[OpenAFS] Bos server failure

Jeffrey Hutzelman jhutz@cmu.edu
Tue, 16 Nov 2004 00:36:15 -0500


On Monday, November 08, 2004 09:49:32 -0500 Steve Devine <sdevine@msu.edu> 
wrote:

> All,
> Odd problem here.
> I have a file server where the bos server has stopped. It still seems to
> be serving files ok. vlserver is not running either. The last time this
> happened I restarted bosserver and this started a chain reaction of
> Salvaging that never actually stopped. The best solution is a reboot but
> if the server will hold off till tonight I would like to wait untill then
> .. classes are in full swing right now.
>
> SO here is my question .. can I remove SALVAGE.fs and start bosserver
> thereby avoiding the salvage routine?

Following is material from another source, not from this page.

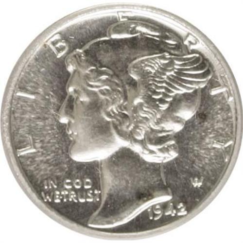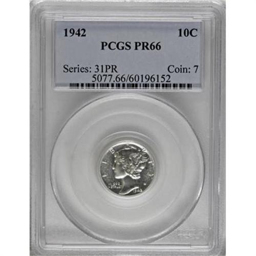 <B>1942 10C PR66 PCGS.</B></I> PCGS Population (1443/605). NGC Census: (1291/661). Mintage: 22,329. Numismedia Wsl. Price for NGC/PCGS coin in PR66: $292. (#5077)<BR><BR><B>Coin Engraver:</B> Adolph A. Weinman<BR><BR><b>Shipping:</b> Coins & Currency (<a target="_blank" href="http://www.heritageauctions.com/common/shipping.php">view shipping information</a>)

Or can I kill the fileserver
> processs one by one and then restart bosserver?
>
> Or is this an invitation to more headaches.?

Don't do that.  If the bosserver is dead and you try to start a new one, 
then it will not know about the other servers that are still running, and 
will attempt to start new ones.  This is why you were getting the "endless 
salvage" - the fileserver would start up, find out that its port is 
unavailable, and exit.

The safest course of action is to manually kill off any of the remaining 
servers that normally run under the bosserver's control, then restart the 
bosserver (possibly after a reboot).  As long as the other services are 
still working, it is safe to wait arbitrarily long before doing this.

Note that while most of the servers will shut down cleanly if sent SIGTERM, 
the fileserver is special and needs to be sent SIGQUIT to make it shut down.

-- Jeffrey T. Hutzelman (N3NHS) <jhutz+@cmu.edu>
   Sr. Research Systems Programmer
   School of Computer Science - Research Computing Facility
   Carnegie Mellon University - Pittsburgh, PA